Choosing and Setting a Default Browser
As this book goes to press, plans for a Windows 8.1 version of Firefox that works on both the traditional desktop and the Metro side of Win8.1 were still shrouded in secrecy, but the Metro version of Google Chrome is out, and I think it’s a winner. See the sidebar “Why I prefer Chrome over IE on the Metro side.”
Setting the default Windows browser
Back in the Halcyon days of Windows, setting a default browser meant you chose among Internet Explorer, Chrome, or Firefox (or possibly Opera or Safari, and so on) and made that browser your default.

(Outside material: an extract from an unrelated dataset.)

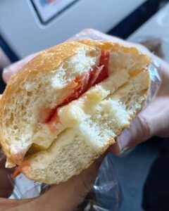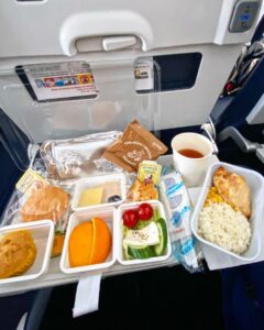 3. UZBEK AIRWAYS SERVES FOOD: Depending on the time of your flight, Uzbekistan Airways serve full meals, drinks, as well as snacks. We flew morning so we got a full rice meal (choice of chicken or beef only) served with lighter food like samsa, salad, cheese & sausage, fruits, & cupcake (Uzbek but make it foreigner-friendly). It’s roughly an 8hr flight so we got a 2nd round of snacks on the 2nd half of the flight, which was a cheese & tomato bun sandwich and apple juice. Drinks are generously served in-flight too: choice of traditional Uzbek wine, coffee/tea, fruit juice, or water. The food is definitely filling enough.

Life isn’t so simple now. A behind-the-scenes interdependency between the Metro browser and the desktop browser gets in the way of having complete freedom of browser choice. Until somebody figures out how to sever the ties, the restrictions work like this:
You can choose any browser — Internet Explorer, Chrome, Firefox, probably others — as your Windows default browser. The default browser behaves on the desktop precisely the way you would expect (details in Book VII, Chapter 1).
After you choose a Windows default browser, the Metro version of that browser is the only browser allowed to run on the Metro side of Windows 8.1.
Setting the default IE browser
As if setting a default Windows browser weren’t complicated enough, Internet Explorer gives you yet another option. If IE is your default Windows browser, you can also choose which flavor of the browser should be the default: the Metro version or the desktop version.
If you don’t change the default, here’s what happens:
When you tap or click a link in a Windows 8.1 Mail message or inside one of the other Metro apps, the site appears inside the Metro version of IE.
When you tap or click a tile on the Metro Start screen, the site opens in whichever browser you used to create the tile.
When you tap or click a link inside an Outlook or Windows Live Mail message, or inside any other legacy program, the site appears inside the desktop version of IE.
If you don’t like those defaults, you can change them. Here’s how:
1. Fire up the desktop version of IE.
If you’re in Metro IE, swipe from the bottom, tap the wrench icon, and then tap View on the Desktop.
2. Inside desktop IE, tap or click the gear icon in the upper-right corner, and then tap or click the Internet Options, and then the Programs tab.
The Internet Properties dialog box appears, as shown in Figure 1-8.
Figure 1-8: Change IE’s default web browser here.
3. In the drop-down box at the top, choose either Always in Internet Explorer or Always in Internet Explorer on the Desktop:
• Let Internet Explorer Decide: This is the default behavior, described earlier.
• Always in Internet Explorer: Forces all links to open in the Metro version of IE, even if they come from an Office app on the desktop.
• Always in Internet Explorer on the Desktop: This has the opposite effect.
4. If you want all the tiles on the Metro Start screen with links to IE to use the desktop version of IE, select the box marked Open Internet Explorer Tiles on the Desktop.
5. Tap or click OK.
Your new choice takes effect immediately.